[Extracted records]

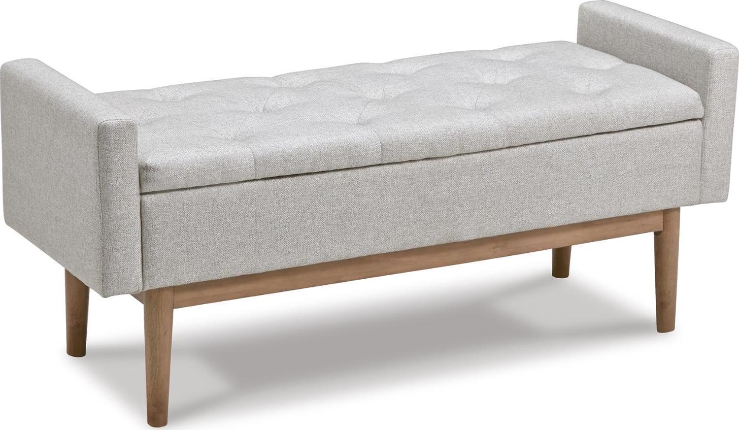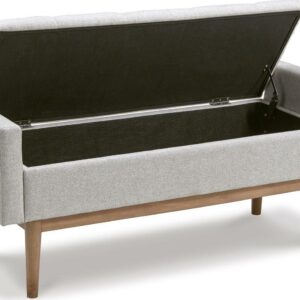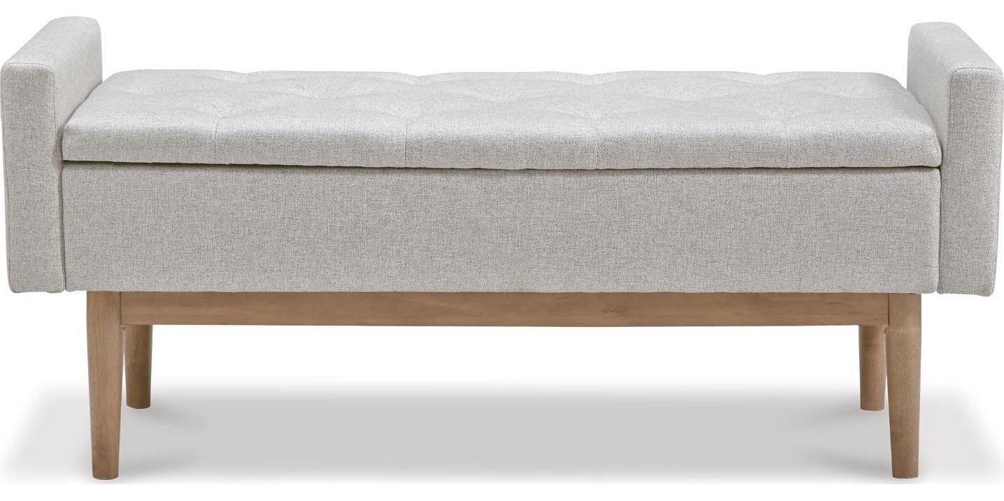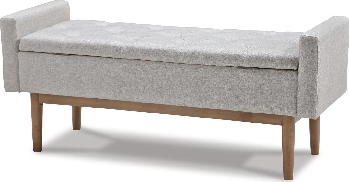 Contemporary style gets practical with the Briarson bench. The tufted beige seat cushion is hinged to allow easy access to whatever you need to hide in plain sight. The raised edges give the impression of arms on this cushioned seat while the light brown finished wood legs help it blend with many different modern styles.
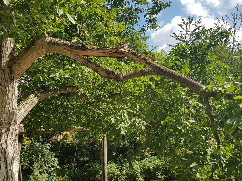 Über das wie der Bruchstelle soll bitte jeder nachdenken der Baumschnitt betreibt, oder der auch mal unter einem Baum steht oder sein Auto dort parkt. Gerade der alte Ableitungsschnitt in der Mitte sollte nachdenklich machen.
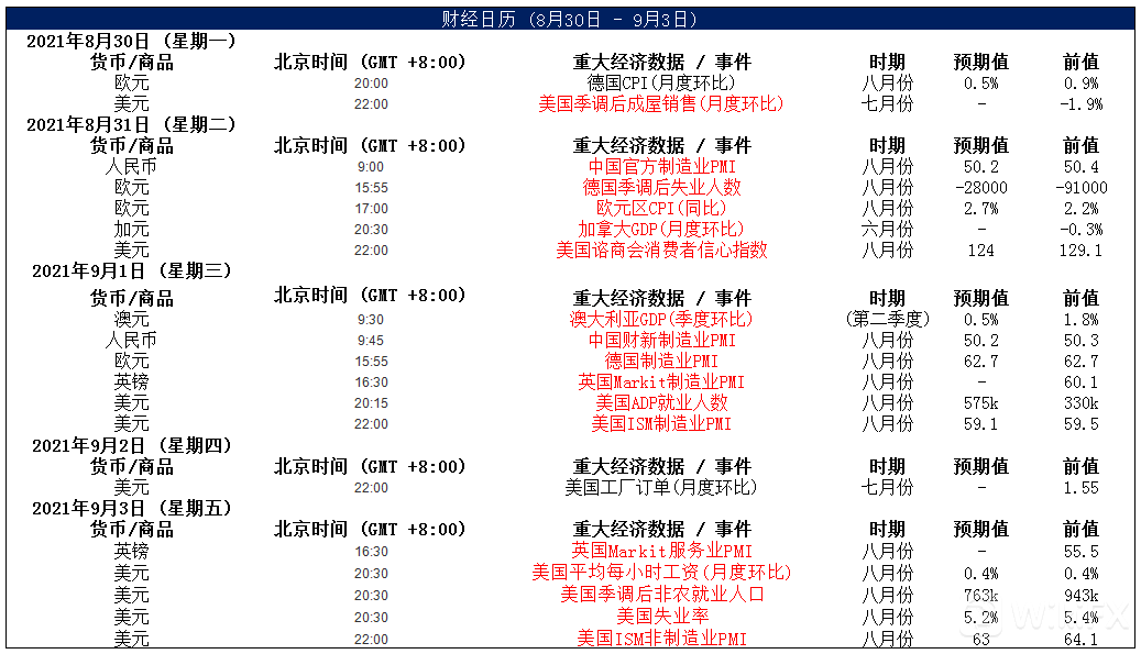 美元方面,周一,美元在触及两周低位后企稳。就目前来看,市场仍在消化鲍威尔的鸽派缩减刺激讲话,而接下来美元的走势将取决于数据,通胀和就业数据,当前市场预计美国8月非农就业岗位将增加75万个,失业率料从5.4%降至5.2%,相对来看还是比较强。因此,预计美元中长线仍为偏强结构,短线整理或许并且未完全结束。
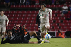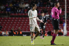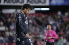 Querétaro, Querétaro, 27 de febrero de 2025. Diego Reyes en lamento, durante el partido correspondiente a la jornada 8 del torneo Clausura 2026 de la Liga BBVA MX, entre los Gallos Blancos del Querétaro y los Guerreros de Santos Laguna, realizado en el estadio La Corregidora. Foto: Imago7/Sebastian Laureano Miranda
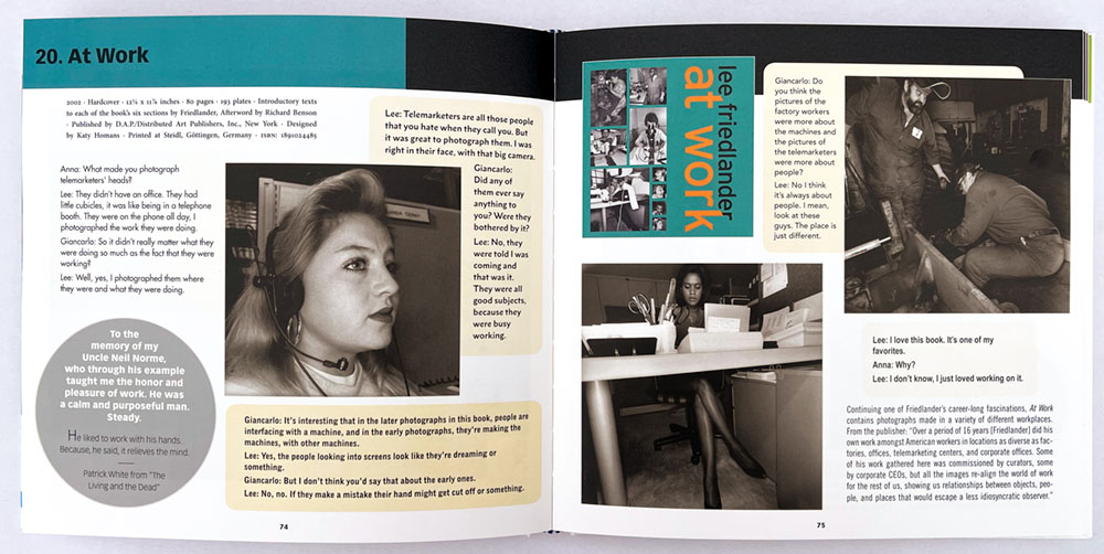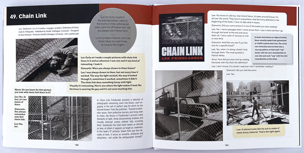 Including the conversations in the book wasn’t part of Giancarlo Roma’s original plan for Friedlander First Fifty. The book was initially envisioned as a guide to the big twenty-thousand dollar boxed set which includes one copy of each of the books, something to help the owner feel a little less lost, a kind of card catalog to the Friedlander library. Boring, to be frank. But the snippets of conversation, some just a few lines while others run to a half page of small print, transform the book and, for me, offer insight into Lee’s work that so many other essays and introductions failed to provide.
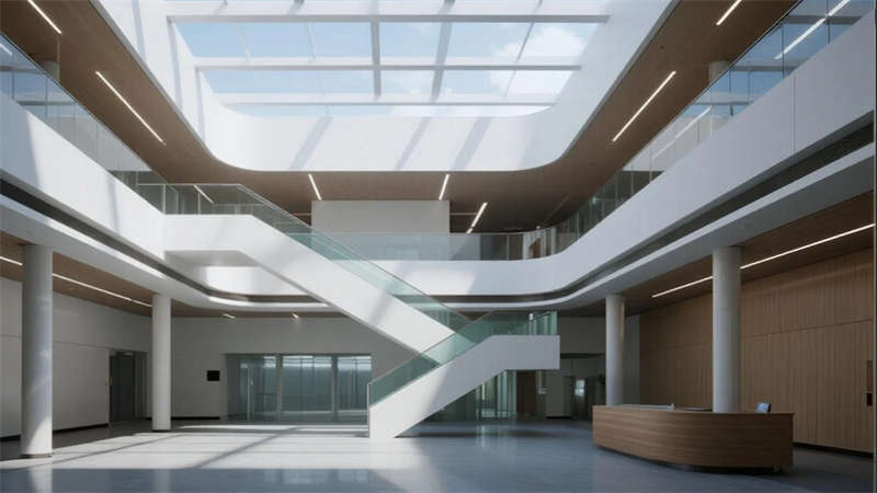 设计始终贯彻生态对话策略——天窗系统最大化减少人工照明,本土植被软化硬质边界,连廊格栅调节微气候。在这里,理性制造与诗意栖居达成平衡,成为滁州产业升级的时代注脚。
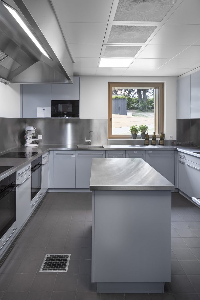 一个环保的建筑。选择轻质的 "木结构 "建筑,可以利用当地资源创造一个健康和环保的环境。施工和现场组装都很迅速,因为建筑很轻,地基最少,因此更经济。屋顶有一个高标准的绝缘(标准的 "MINERGIE P - ECO "类型),高度限制了能源消耗。建筑物由颗粒锅炉供暖,能源性能高,对环境影响非常小。
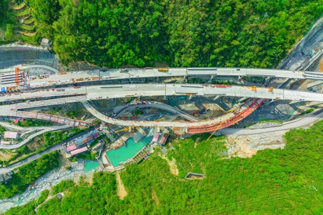 “雪宝山互通工程由中铁十一局五公司承建,桥梁占比99.6%,工程紧邻崇山峻岭和水流湍急的河道,没有一块平地,施工可谓是在‘刀尖上跳舞’。”施工现场技术负责人崔操介绍道,雪宝山互通主线桥是全线重难点、控制性工程,全长1292.5米,位于上下高差一百多米的悬崖边上,部分墩柱位于近乎90度的悬崖峭壁之上,仅修建辅助施工的临时便道就达2公里,施工难度大,安全风险高,材料运输困难。

(ACTIVITY): Restate word for word the lines from the one holding "设计始终贯彻生态对话策略——" down through the last line of the records above, and do not include the pictures.

(TASK RESPONSE):
 设计始终贯彻生态对话策略——天窗系统最大化减少人工照明,本土植被软化硬质边界,连廊格栅调节微气候。在这里,理性制造与诗意栖居达成平衡,成为滁州产业升级的时代注脚。
 一个环保的建筑。选择轻质的 "木结构 "建筑,可以利用当地资源创造一个健康和环保的环境。施工和现场组装都很迅速,因为建筑很轻,地基最少,因此更经济。屋顶有一个高标准的绝缘(标准的 "MINERGIE P - ECO "类型),高度限制了能源消耗。建筑物由颗粒锅炉供暖,能源性能高,对环境影响非常小。
 “雪宝山互通工程由中铁十一局五公司承建,桥梁占比99.6%,工程紧邻崇山峻岭和水流湍急的河道,没有一块平地,施工可谓是在‘刀尖上跳舞’。”施工现场技术负责人崔操介绍道,雪宝山互通主线桥是全线重难点、控制性工程,全长1292.5米,位于上下高差一百多米的悬崖边上,部分墩柱位于近乎90度的悬崖峭壁之上,仅修建辅助施工的临时便道就达2公里,施工难度大,安全风险高,材料运输困难。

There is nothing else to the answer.